Quentin Tarantino, ne kadar muhteşem bir yönetmen olduğu gerçeği bir yana, Akademi tarafından fazla sevilmeyen bir yönetmen olduğundan ödüle aday gösterilmesini bile bir mucize olarak algılamalı. 1994 yılında hem En İyi Yönetmen, hem de (Oscar'ı kazandığı) En İyi Orijinal Senaryo dalında aday olduğu "Pulp Fiction"dan beri Akademi'nin beğenisini kazanamayan Tarantino, bu yıl da aynı iki dalda "Inglourious Basterds" ile aday. 46 yaşındaki yönetmen, umarız ki bundan sonraki filmleri ile Akademi'nin ilgisini daha yoğun bir şekilde çekmeyi başarabilir.

Yarıştaki figüranlardan ilki, henüz 32 yaşında olmasına rağmen 2. ve 3. Oscar adaylığını elde eden Jason Reitman. "Up in the Air" ile hem bu kategoride, hem de muhtemelen kazanacağı En İyi Uyarlama Senaryo kategorisinde aday olan Reitman, ilk En İyi Yönetmen adaylığını 2007'de "Juno" ile almış ve bu kategoride aday olan en genç isimlerden biri olarak Akademi tarihine adını yazdırmıştı. "Up in the Air"de tarzını koruyan ve sağlam adımlarla ilerlediğini gösteren yönetmene ileriki kariyerinde başrılar diliyor ve sadece twitter takipçisi olarak değil filmlerinin takipçisi olarak da arkasında olduğumu belirtiyorum. (Çok da umrundaydı ya.)
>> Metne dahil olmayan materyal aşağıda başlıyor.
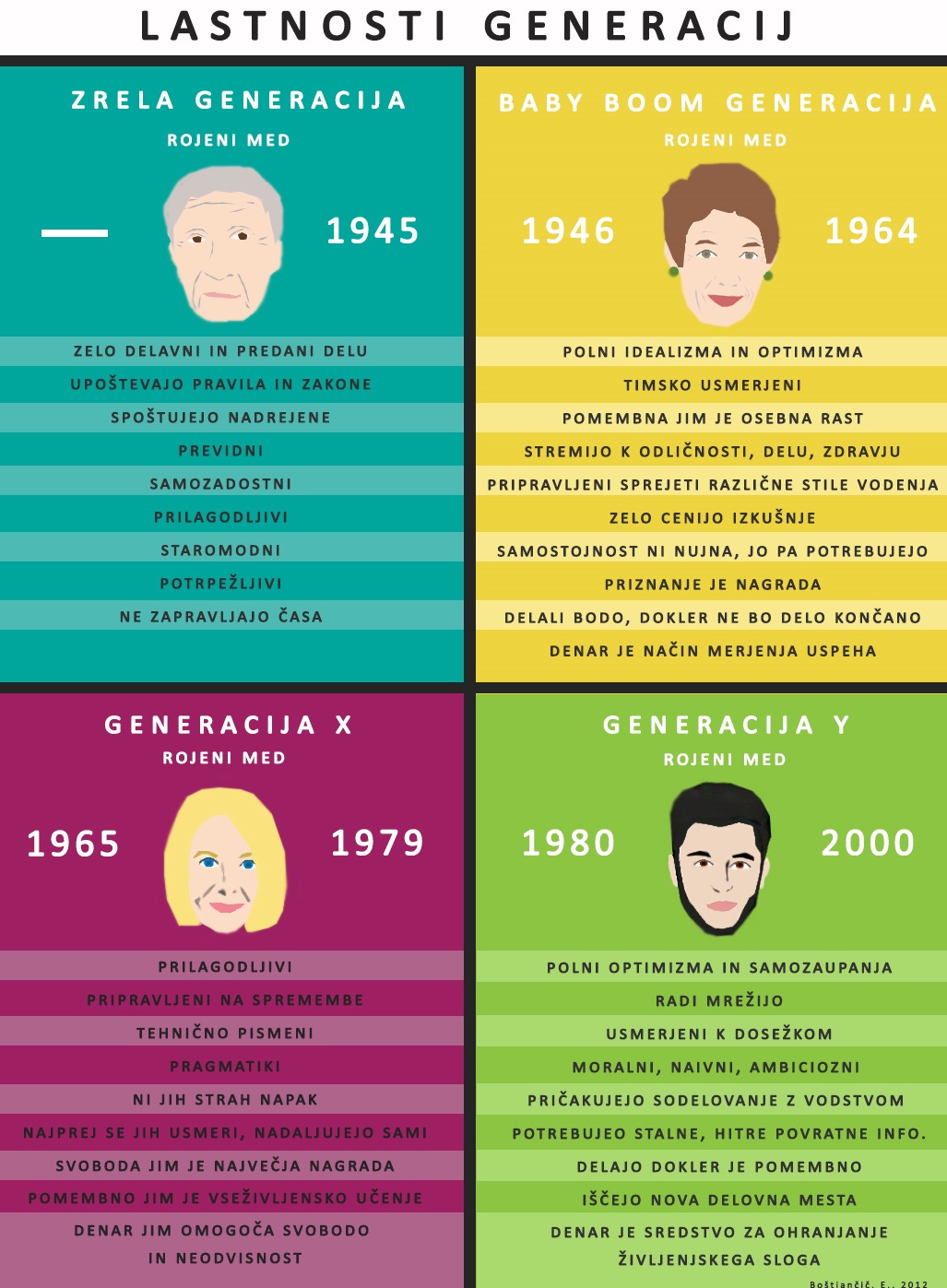 Med generacijami lahko zaradi njihovih razlik pride do številnih nesporazumov, še posebej na delovnem mestu. Za boljše razumevanje lastnosti posameznih generacij ter preprečevanje morebitnih nesoglasij si zato oglejte spodnjo infografiko, ki na jasen in zanimiv način prikazuje omenjene razlike. Več o tem pa preberite tudi v članku.
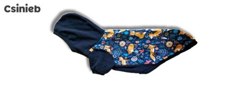 Ez a vagány pulóver rövid mellső ujjas fazonban készül, ami szabad mozgást biztosít, ugyanakkor kellően melegíti a váll- és mellkastájat. A kapucni különlegessége, hogy nem lóg a kutya fejére, hanem egy kis garbó szerű nyakmegoldással van kialakítva. Ez nemcsak jól néz ki, hanem extra komfortot is biztosít, hiszen nem zavarja a kutyát séta közben. Viszont... ha mégis úgy dönt a kutyusod, hogy felveszi a kapucnit, akkor garantáltan elolvad mindenki körülötte – egyszerre lesz ijesztően menő és elviselhetetlenül cuki. Egyetlen nézéssel képes kicsalni a teljes havi jutifali adagot a legszigorúbb gazdiból is.
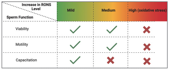 Effect of oxidation levels on sperm function during capacitation. An increase in RONS levels is necessary to initiate sperm capacitation. These levels are kept within mild (low) levels by peroxiredoxins whose catalytic cysteines undergo reversible oxidation to sulfenic acids. When peroxiredoxins are inhibited, there is an increase in RONS levels that impairs sperm capacitation. Absence of peroxiredoxins renders sperm incapable of controlling RONS levels, leading to non-specific oxidative stress, leading to impaired sperm viability, motility, and capacitation. (created in BioRender). https://app.biorender.com/illustrations/683a1635172c8b1ee82a83a6 (accessed on 3 June 2025).
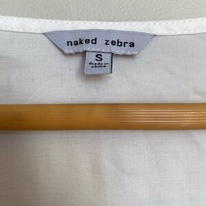 Naked Zebra Wrap Short Sleeved Blouse Small. Tie closure inside first wrap and second closes with tortoise shell clip. Flutter sleeve. Flowy and elegant! pit to pit is approx 18.5”
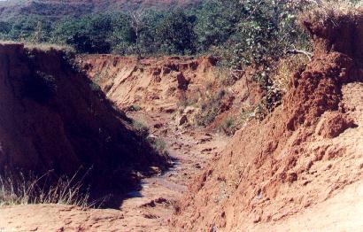 | O desgaste do soloErosão é a destruição do solo e seu transporte em geral feito pela água da chuva, pelo vento ou, ainda, pela ação do gelo, quando este atua expandindo o material no qual se infiltra a água congelada. A erosão destrói as estruturas (areias, argilas, óxidos e húmus) que compõe o solo. Estes são transportados para as partes mais baixas dos relevos e em geral vão assorear cursos d água. A erosão destrói os solos e as águas e é um problema muito sério em todo o mundo. Devem ser adaptadas práticas de conservação de solo para minimizar o problema. Em solos cobertos por floresta a erosão é muito pequena e quase inexistente, mas é um processo natural sempre presente e importante para a formação dos relevos. O problema ocorre quando o homem destrói as florestas, para uso agrícola e deixa o solo exposto, então, a erosão torna-se severa, e pode levar a desertificação. |
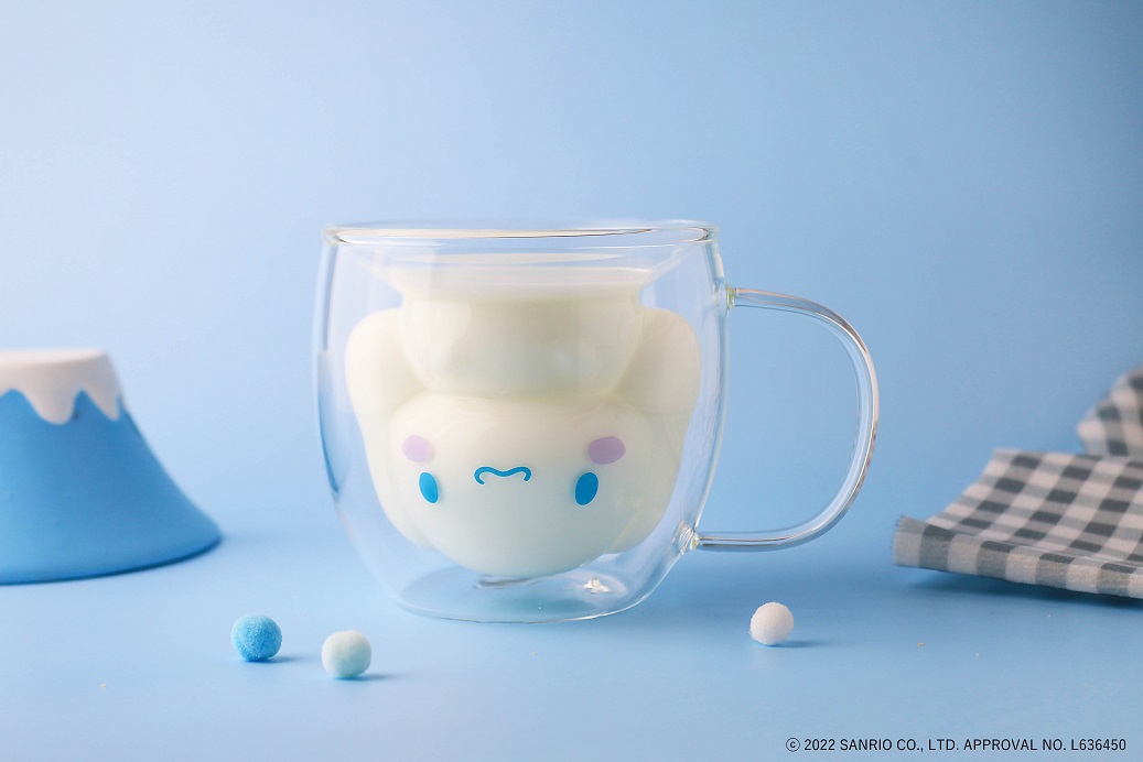 ドリンクを飲む度「シナモロール」の姿があらわれる、キュートなガラス製品。
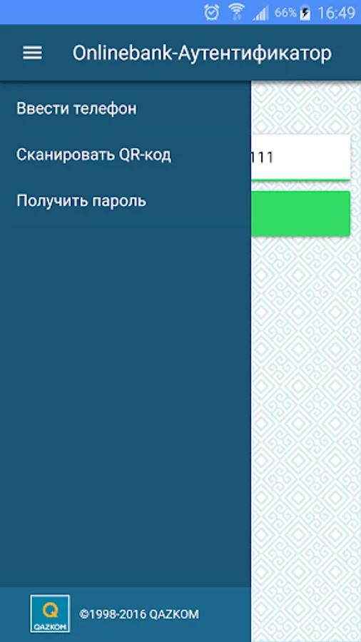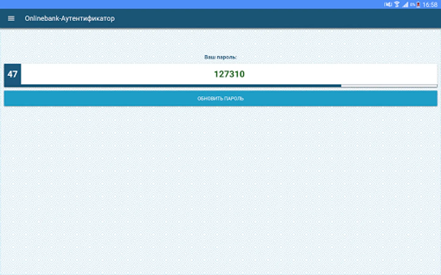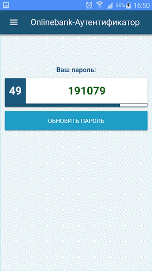 4. After 1-3 points the app will generate one-time passwords at regular intervals. At any time, you can generate a new password by clicking the "Update password" button

Şansı sıfıra oldukça yakın olan son adayımız ise "Precious" ile başarılı bir çıkış yapan ve Amerikan Bağımsız Film Ödülleri'nde hem En İyi Film, hem de En İyi Yönetmen ödüllerini kazanan Lee Daniels. 50 yaşındaki yönetmen, hikaye anlatımı ve tercihleriyle beni etkileyemedi filmi ile. Bu hislerin sadece bana ait olmadığını düşünüyorum, çünkü Altın Küre adayları arasında Clint Eastwood, BAFTA adayları arasında da Lone Scherfig, Daniels'ın yerine aday gösterilmişti.